There was no motion to return to open session and no further votes
were taken.
* * * "Query? (1) Does the conduct of the School Trustee Board,
assuming the circumstances described above, violate the Virginia
Freedom of Information Act, particularly §2.1-344,
subsections b. and c.?; (2) if violations of the Act have
occurred, would the appointment of the new school board member be
subject to being set aside by a court action initiated under§
2.1-346 of the Act? (3) are the subsequent actions of the School
Board of Surry County subject to contest as a result of the
improper procedure employed in appointing its newest member?; and
(4), if so, under what circumstances?"
The Virginia Freedom of Iniformation Act, in § 2.1-344(b) and
(c), Code of Virginia (1950), as amended, requires that public bodies
adhere to certain prescribed procedures when meeting in closed or
executive session. Section 2.1-344(b) requires that, prior to any
close[d] meeting, the public body vote affirmatively, in open
session, upon a motion to meet in executive session, which motion
shall state specifically the purpose or purposes for which the closed
meeting is to be held. Section 2.1-344(c) provides:
"(c) No resolution, ordinance, rule, contract, regulation
or motion adopted, passed or agreed to in an executive or closed
meeting shall become effective unless such public body, following
such meeting, reconvenes in open meeting and takes a vote of the
membership on such resolution, ordinance, rule, contract,
regulation or motion."
Since, according to the facts presented, the School Trustee
Electoral Board did not vote affirmatively to enter executive session
and, further, did not following such executive meeting vote to affirm
its action in executive session, I am of the opinion that the Board
violated the provisions of §2.1-344(b) and (c). I would,
therefore, answer your first inquiry in the affirmative.

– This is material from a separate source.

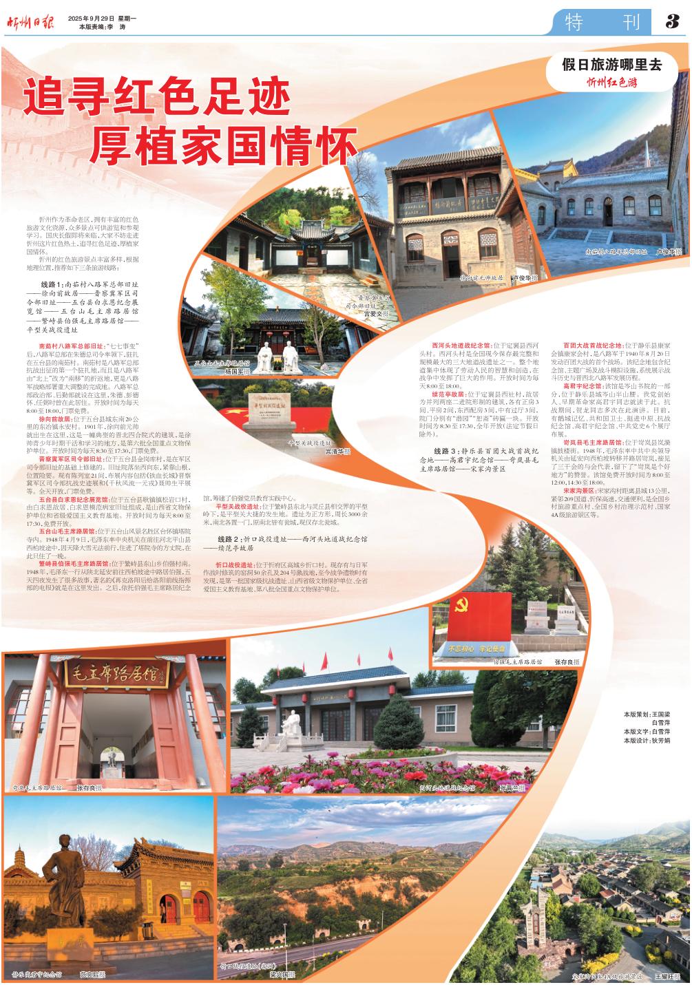 忻州的紅色旅游景點(diǎn)豐富多樣,根據(jù)地理位置,推薦如下三條旅游線路:

In response to your second inquiry, §2.1-346 provides that
any person alleging denial of the rights and privileges conferred by
the Act may enforce such rights and privileges by petition for
mandamus or injunction in the appropriate court of record. I am,
therefore, of the opinion that the action of the School Trustee
Electoral Board, in selecting the newest member of the School Board,
if found by the court to be in violation of the requirements of the
Act, would be subject to being set aside by court injunction entered
pursuant to §2.1-346.
In response to your third and fourth inquiries, I call to your
attention my Opinions to the Honorable Joseph E. Spruill, Jr.,
Commonwealth's Attorney for Essex County, dated June 22, 1973, and to
the Honorable F. Caldwell Bagley, County Attorney for Prince William
County, dated March 6, 1975, and found in Reports of the Attorney
General (1972-73) at 515 and (1974-75) at 419, respectively, copies
of which are enclosed. It was held in these Opinions that public
officers improperly selected are de facto officers and as such their
official actions are valid until such time as they have notice of the
legal defect in their election. 15 M.J. Public Officers 58 (1951).
Accordingly, the improper election of its newest member would not
invalidate subsequent School Board actions nor would it invalidate
official actions of the improperly elected Board member until such
time as he is notified of the illegality of his election.